COLLECTED MATERIAL:
^^^^^^^^^^^^^^^^

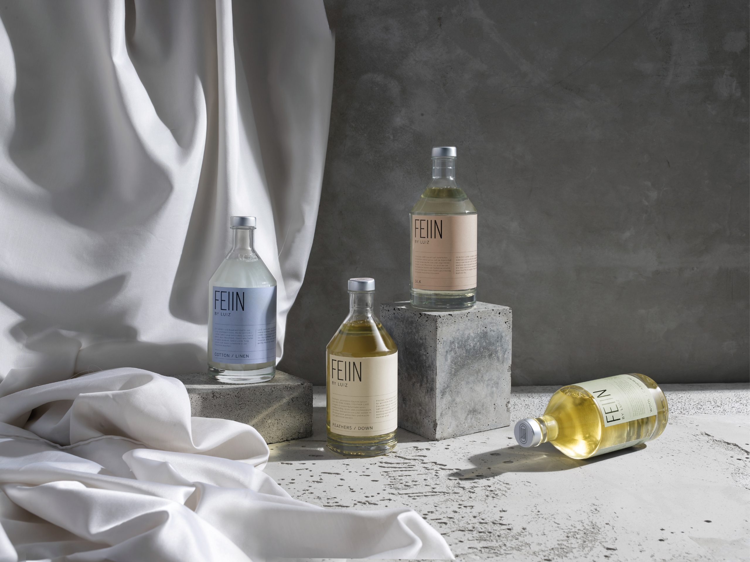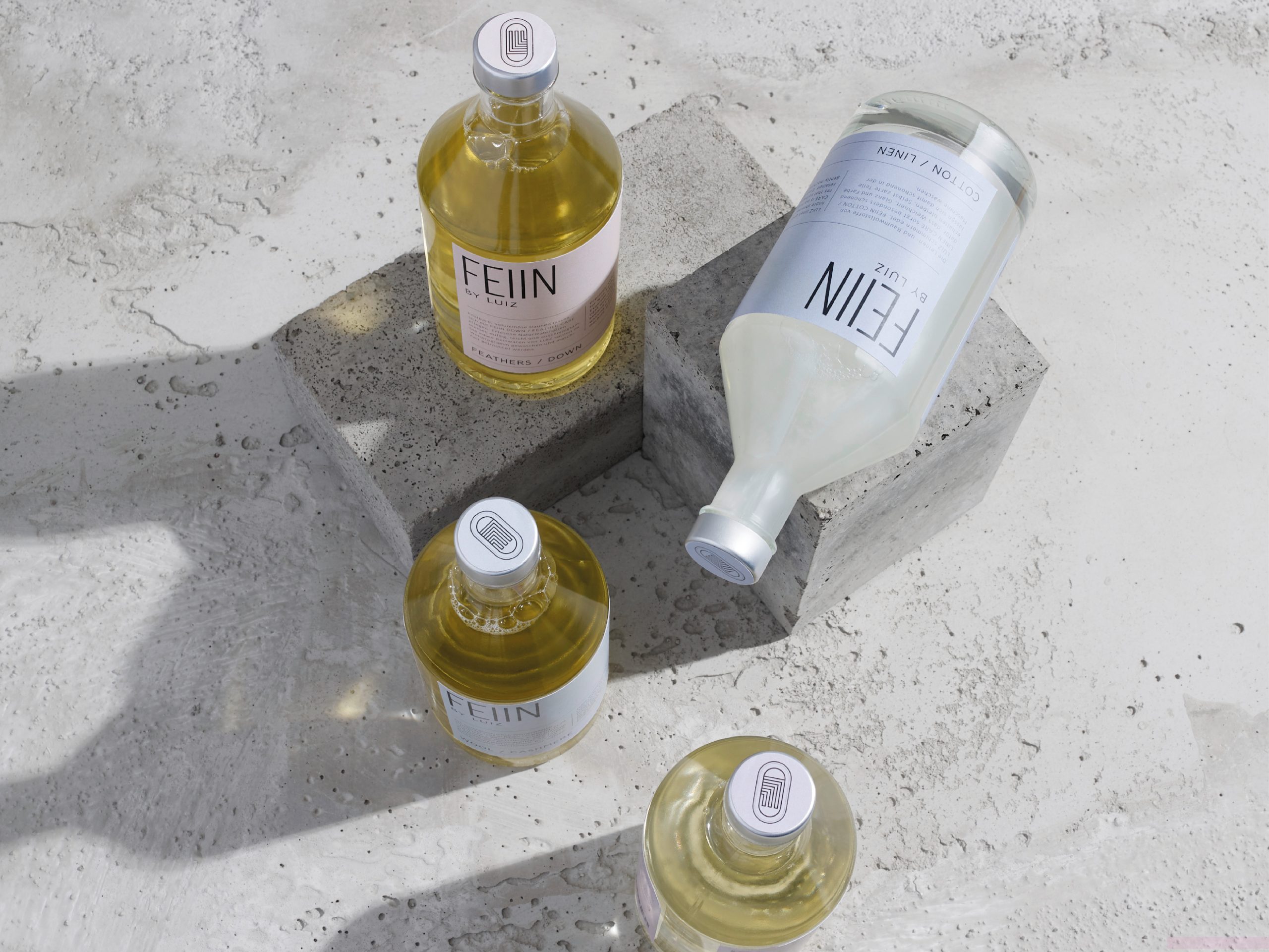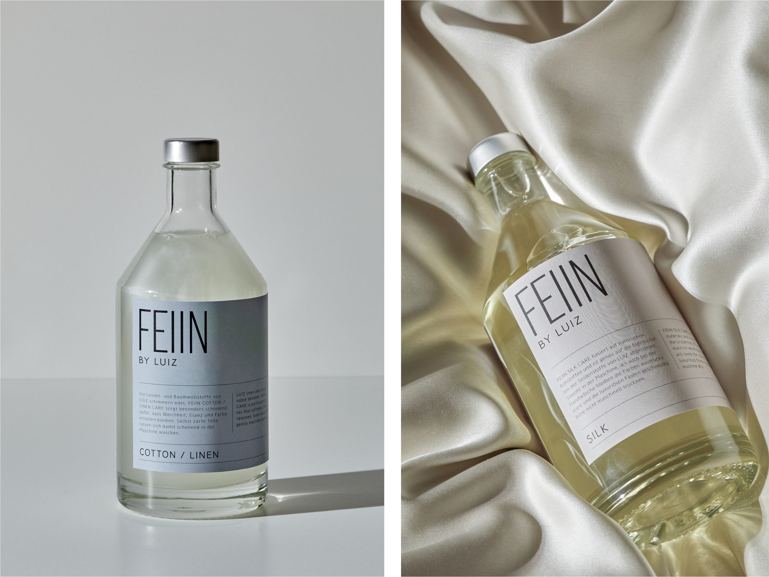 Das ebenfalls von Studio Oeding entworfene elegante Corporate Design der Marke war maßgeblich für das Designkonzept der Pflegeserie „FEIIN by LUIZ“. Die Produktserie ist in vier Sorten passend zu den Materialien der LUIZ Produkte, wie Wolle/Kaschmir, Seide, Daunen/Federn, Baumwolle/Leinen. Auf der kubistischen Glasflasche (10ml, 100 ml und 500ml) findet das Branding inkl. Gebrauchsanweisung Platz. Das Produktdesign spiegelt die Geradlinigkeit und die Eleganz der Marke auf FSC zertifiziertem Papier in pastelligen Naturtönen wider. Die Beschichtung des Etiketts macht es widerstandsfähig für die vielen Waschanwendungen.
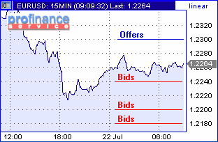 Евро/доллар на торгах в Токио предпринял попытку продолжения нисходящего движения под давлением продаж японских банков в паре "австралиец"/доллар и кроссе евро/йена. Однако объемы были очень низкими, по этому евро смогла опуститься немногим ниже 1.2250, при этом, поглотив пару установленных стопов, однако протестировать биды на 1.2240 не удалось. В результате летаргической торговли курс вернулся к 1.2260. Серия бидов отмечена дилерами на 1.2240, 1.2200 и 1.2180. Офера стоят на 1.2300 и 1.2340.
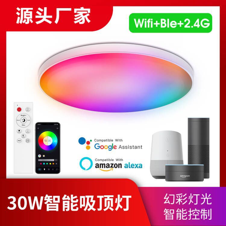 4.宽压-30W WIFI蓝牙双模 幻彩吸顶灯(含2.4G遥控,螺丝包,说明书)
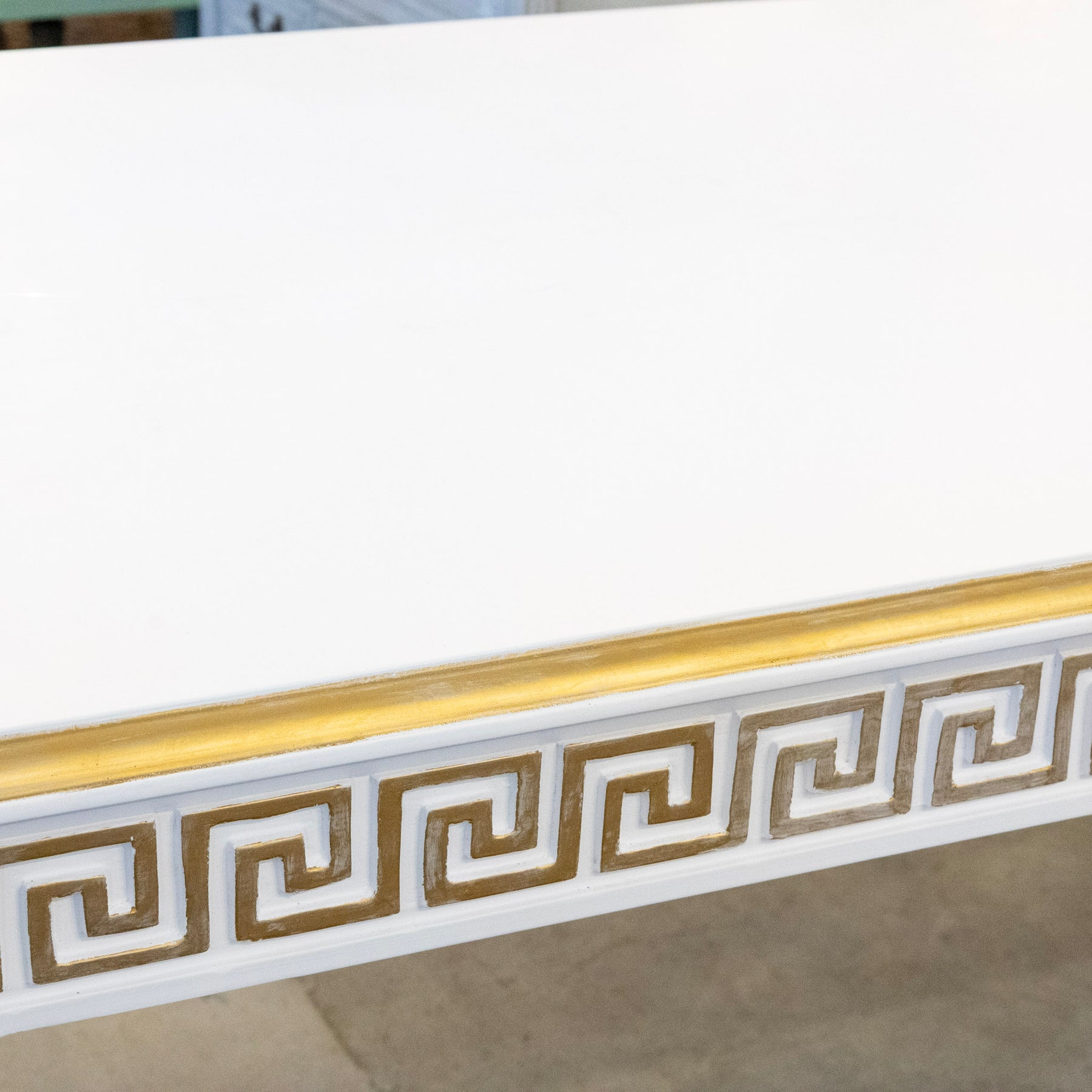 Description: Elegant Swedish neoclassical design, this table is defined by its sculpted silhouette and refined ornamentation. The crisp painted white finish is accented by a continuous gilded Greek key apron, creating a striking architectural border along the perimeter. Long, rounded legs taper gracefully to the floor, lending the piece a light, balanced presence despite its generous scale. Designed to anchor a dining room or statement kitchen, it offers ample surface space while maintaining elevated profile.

^^^^^^^^^^^^^^^^

EXERCISE DESCRIPTION:
The listing above should be returned word for word, with pictures omitted.

RESULT FOR THIS EXERCISE:
 Das ebenfalls von Studio Oeding entworfene elegante Corporate Design der Marke war maßgeblich für das Designkonzept der Pflegeserie „FEIIN by LUIZ“. Die Produktserie ist in vier Sorten passend zu den Materialien der LUIZ Produkte, wie Wolle/Kaschmir, Seide, Daunen/Federn, Baumwolle/Leinen. Auf der kubistischen Glasflasche (10ml, 100 ml und 500ml) findet das Branding inkl. Gebrauchsanweisung Platz. Das Produktdesign spiegelt die Geradlinigkeit und die Eleganz der Marke auf FSC zertifiziertem Papier in pastelligen Naturtönen wider. Die Beschichtung des Etiketts macht es widerstandsfähig für die vielen Waschanwendungen.
 Евро/доллар на торгах в Токио предпринял попытку продолжения нисходящего движения под давлением продаж японских банков в паре "австралиец"/доллар и кроссе евро/йена. Однако объемы были очень низкими, по этому евро смогла опуститься немногим ниже 1.2250, при этом, поглотив пару установленных стопов, однако протестировать биды на 1.2240 не удалось. В результате летаргической торговли курс вернулся к 1.2260. Серия бидов отмечена дилерами на 1.2240, 1.2200 и 1.2180. Офера стоят на 1.2300 и 1.2340.
 4.宽压-30W WIFI蓝牙双模 幻彩吸顶灯(含2.4G遥控,螺丝包,说明书)
 Description: Elegant Swedish neoclassical design, this table is defined by its sculpted silhouette and refined ornamentation. The crisp painted white finish is accented by a continuous gilded Greek key apron, creating a striking architectural border along the perimeter. Long, rounded legs taper gracefully to the floor, lending the piece a light, balanced presence despite its generous scale. Designed to anchor a dining room or statement kitchen, it offers ample surface space while maintaining elevated profile.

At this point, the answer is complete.